Collision avoidance have become common practice for spacecraft operators in the last decade. While every operator follows its own approach with own procedures and tools a common input are standardised conjunction data messages as issued by maintainers of object catalogues, such as the US Space Surveillance Network.
The typical current approach of experts analysing critical events is reaching limits due to the increase of the known number of such close approaches, which is driven by both a rapidly expanding spaceflight activity, i.e. new spacecraft being launched, but also by the increase of catalogue sizes due to enhanced surveillance systems.

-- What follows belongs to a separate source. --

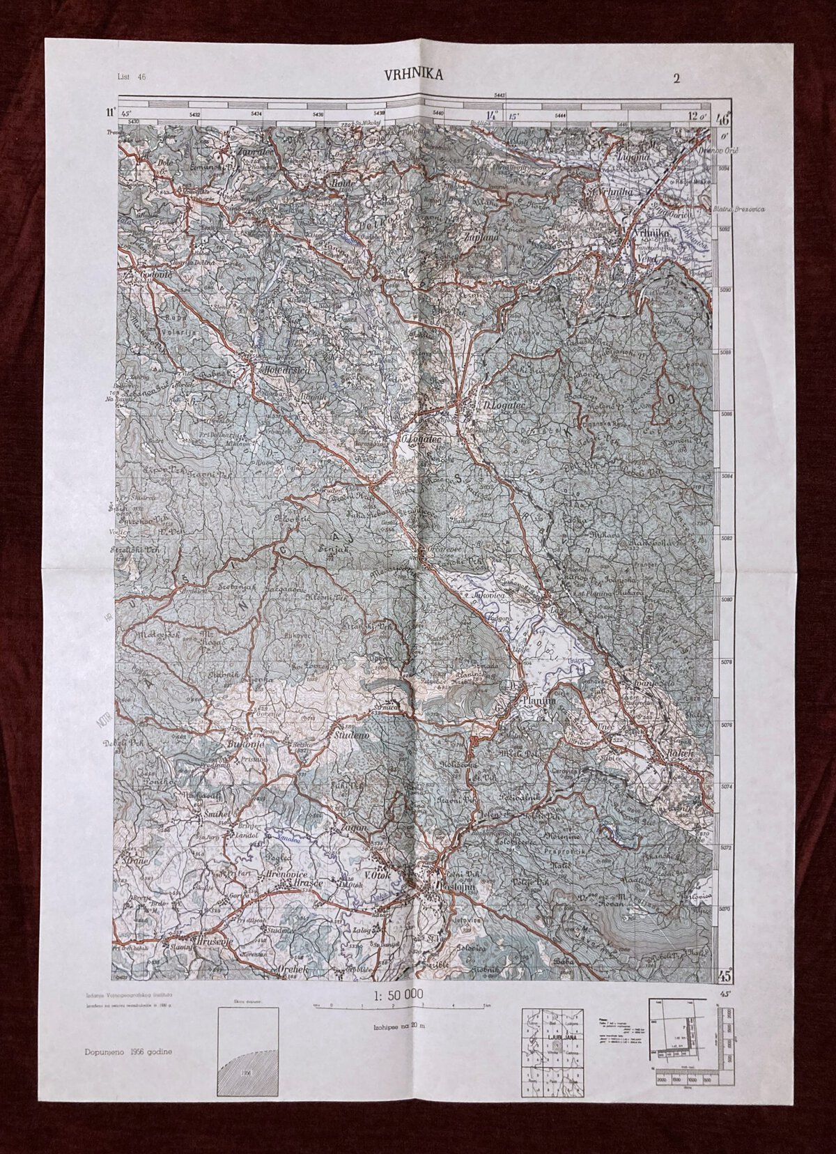 1956 Military Topographic Map Vrhnika Postojna Oberlaibach Slovenia Yugoslavia

In order to explore whether enhanced techniques such as machine learning can help assessing criticality of a close approach and ultimately in the decision whether or not perform an avoidance manoeuvre, ESA prepared a public challenge on its Kelvins platform (https://kelvins.esa.int/). This challenge made for the first time a larger set of Collision Data Messages (CDM) accessible to the wider public and asked for predicting the collision probability of the CDM obtained closest to the time of closest approach (thus representing the best knowledge of the collision risk of the event) however using only CDMs at least 2 days before the conjunction.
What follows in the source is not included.